• [ASSIGNMENT] An exact reproduction is required of the lines from the beginning of the entries through the line with "ウォールシェルフ 壁を傷つけない 42+42cm2点セット", pictures excluded and nothing added.

BEGIN EXTRACTED DATA

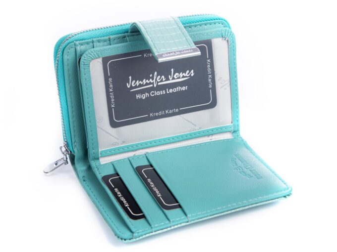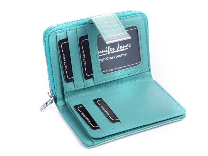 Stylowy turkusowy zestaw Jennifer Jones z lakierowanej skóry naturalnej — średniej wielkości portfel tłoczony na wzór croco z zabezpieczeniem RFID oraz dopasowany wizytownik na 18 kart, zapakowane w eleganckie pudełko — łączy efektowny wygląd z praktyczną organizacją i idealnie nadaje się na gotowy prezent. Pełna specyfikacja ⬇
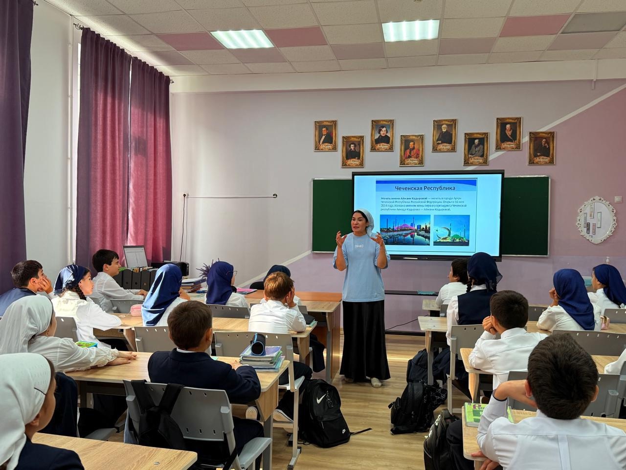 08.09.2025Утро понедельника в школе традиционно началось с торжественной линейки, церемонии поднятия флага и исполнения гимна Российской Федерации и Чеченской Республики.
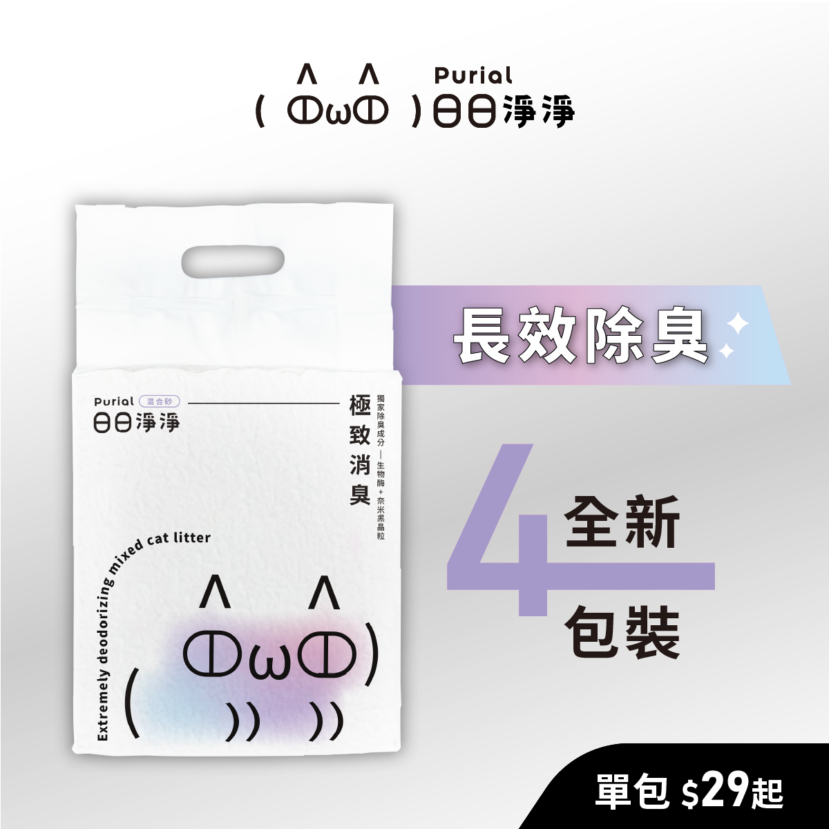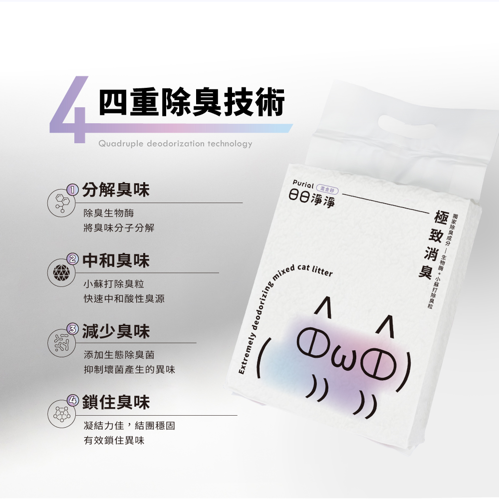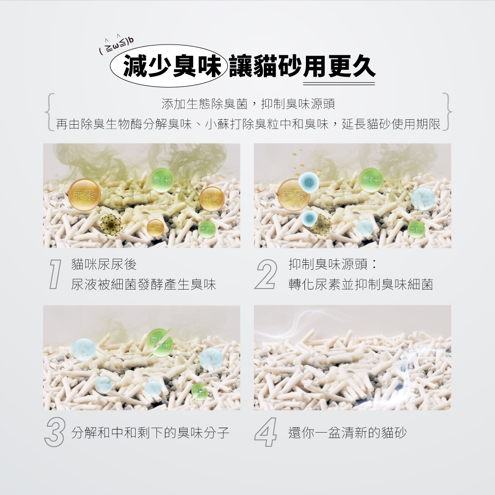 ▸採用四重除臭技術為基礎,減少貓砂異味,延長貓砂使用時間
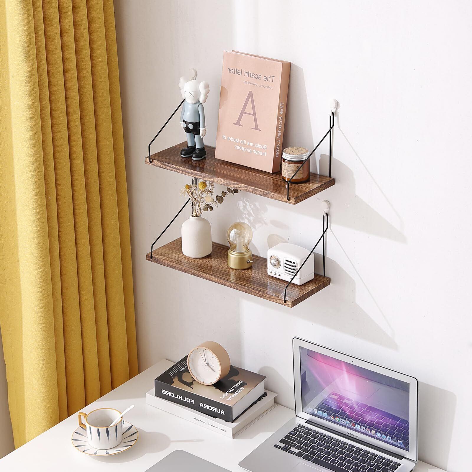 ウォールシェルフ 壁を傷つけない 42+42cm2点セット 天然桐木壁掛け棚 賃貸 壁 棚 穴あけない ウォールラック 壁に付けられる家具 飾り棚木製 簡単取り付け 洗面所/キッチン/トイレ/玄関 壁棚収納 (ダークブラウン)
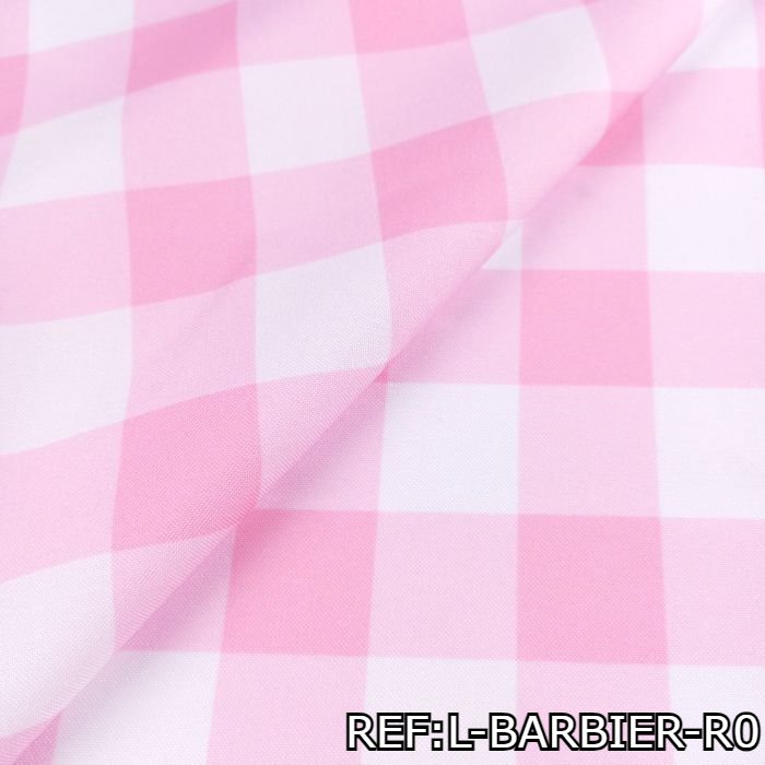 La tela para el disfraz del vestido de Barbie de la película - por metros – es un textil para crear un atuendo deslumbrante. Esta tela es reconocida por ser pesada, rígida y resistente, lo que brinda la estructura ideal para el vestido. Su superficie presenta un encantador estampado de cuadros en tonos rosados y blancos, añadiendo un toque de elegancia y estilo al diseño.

END EXTRACTED DATA

• [RESULT]
 Stylowy turkusowy zestaw Jennifer Jones z lakierowanej skóry naturalnej — średniej wielkości portfel tłoczony na wzór croco z zabezpieczeniem RFID oraz dopasowany wizytownik na 18 kart, zapakowane w eleganckie pudełko — łączy efektowny wygląd z praktyczną organizacją i idealnie nadaje się na gotowy prezent. Pełna specyfikacja ⬇
 08.09.2025Утро понедельника в школе традиционно началось с торжественной линейки, церемонии поднятия флага и исполнения гимна Российской Федерации и Чеченской Республики.
 ▸採用四重除臭技術為基礎,減少貓砂異味,延長貓砂使用時間
 ウォールシェルフ 壁を傷つけない 42+42cm2点セット 天然桐木壁掛け棚 賃貸 壁 棚 穴あけない ウォールラック 壁に付けられる家具 飾り棚木製 簡単取り付け 洗面所/キッチン/トイレ/玄関 壁棚収納 (ダークブラウン)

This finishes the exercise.